Matt Anthony, fresh from a career playing offensive line in the CFL for seven years became the new head coach of the Gee-Gees. Fresh in their new home at Lansdowne, the team began to form into a national powerhouse on a new level.

During Anthony's 15 years at the helm, the Gee-Gees won seven league and conference championships, including three undefeated seasons. Anthony is still the winningest coach in Gee-Gees history. The operatic tenor Jean Bonhomme played center position for the Gee-Gees for seven years during Anthony's tenure.

At the same time, the Panda Game had begun as Carleton College began fielding football teams and the rivalry became centre of attention in the city and the nation. Early Panda Games featured an atmosphere much akin to NCAA Division I football in the United States, most iterations of the game during this era fetched over 20,000 fans.

After Anthony's death in 2000, the University of Ottawa opened the Minto Sports Complex in 2001, with it came a multi-use turf field that was named after the Gee-Gees legend. Matt Anthony Field served as the practice field for the football team until 2013. It is currently home to Gee-Gees women's soccer and rugby varsity teams, as well as men's soccer and rugby competitive clubs.

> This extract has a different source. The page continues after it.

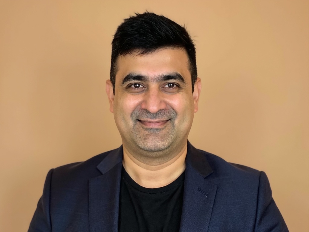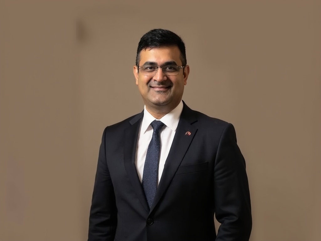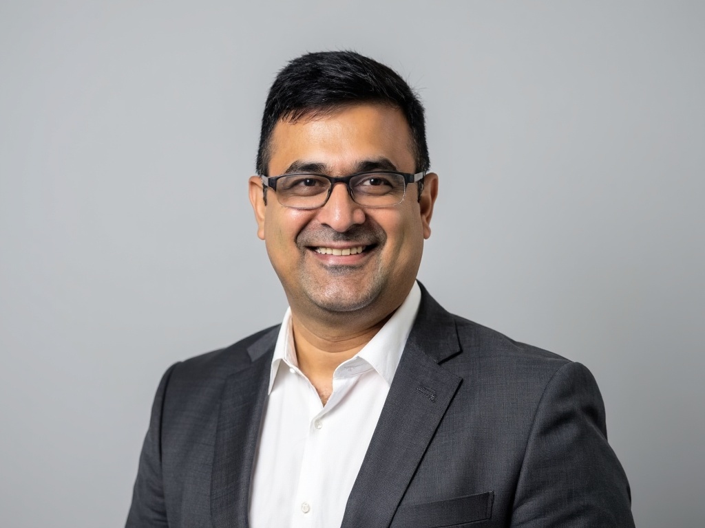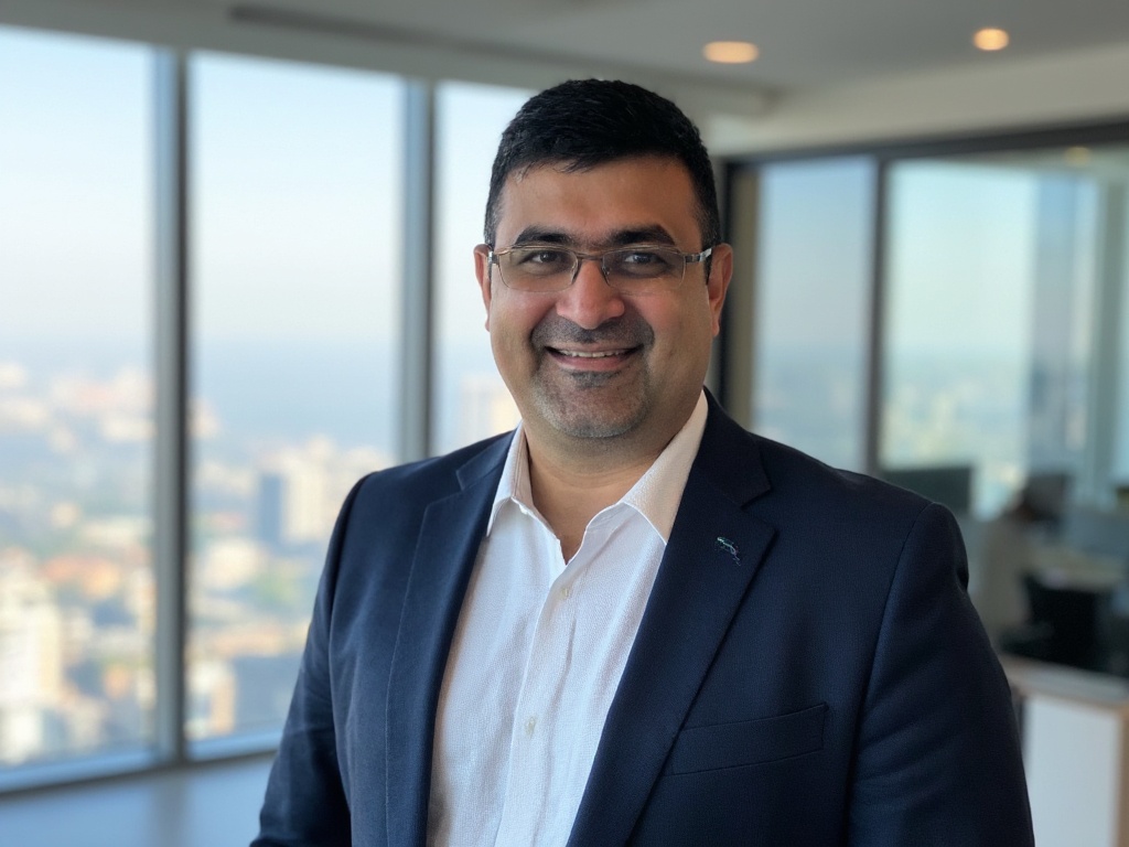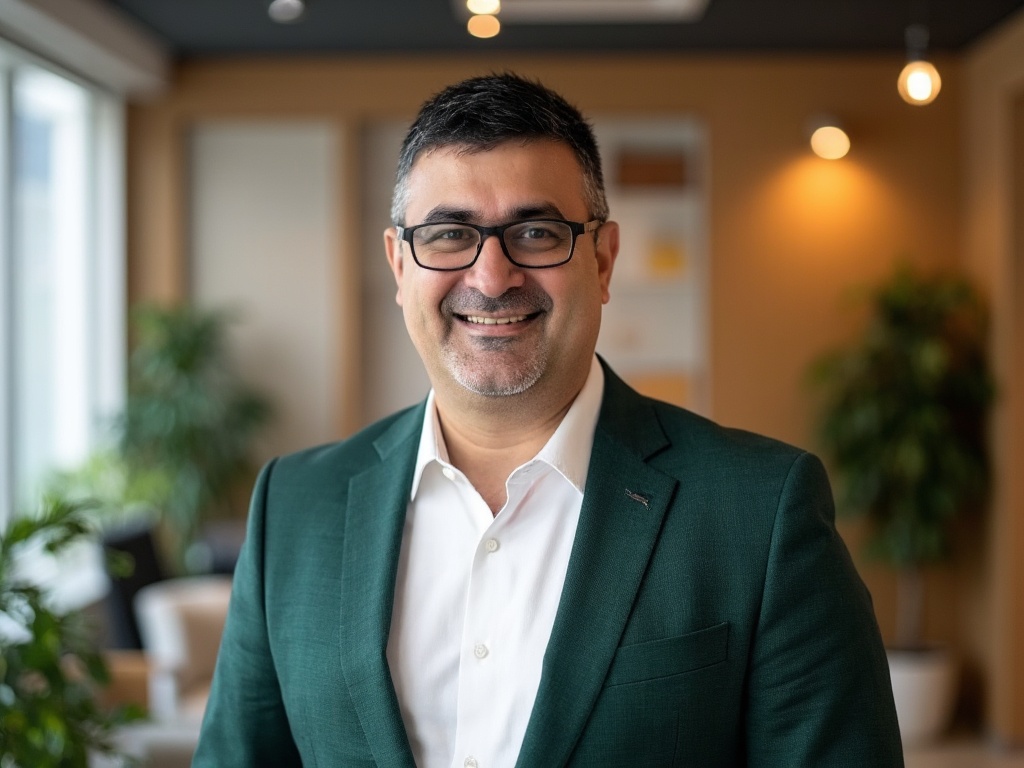 A modern corporate portrait of a man in a dark green suit and white shirt, posed in front of a styli...

===Bob O'Billovich (1970)===
Following the Gee-Gees success in prior years, new head coach Bob O'Billovich stepped up and led the team to one of their best seasons ever. After captaining the football, basketball, and baseball teams at the University of Montana, O'Billovitch had a career in the CFL before settling in as head coach of the 1970 Gee-Gees. The quality of team this year set the table for a run to the school's first Vanier Cup after posting a 7–1–1 regular season record.

In the playoffs, the team cruised to an Atlantic Bowl victory with a 24–11 win over the UNB Varsity Reds. The Garnet and Grey advanced to their first appearance in the Vanier Cup (then College Bowl) national final, but lost 38–11 to the Manitoba Bisons at Toronto’s Varsity Stadium.

Gee-Gees quarterback Paul Paddon was dominant all season long and was instrumental in the team's success. Paddon won the Hec Crighton Trophy for the most outstanding player in the nation, it was the school's first ever.

Following the season, O'Billovich stepped down and shifted focuses back to basketball where he coached the Carleton Ravens before returning to lead the Gee-Gees men's basketball team. O'Billovich went on to a long career coaching in the CFL and is currently the eighth winningest head coach in league history.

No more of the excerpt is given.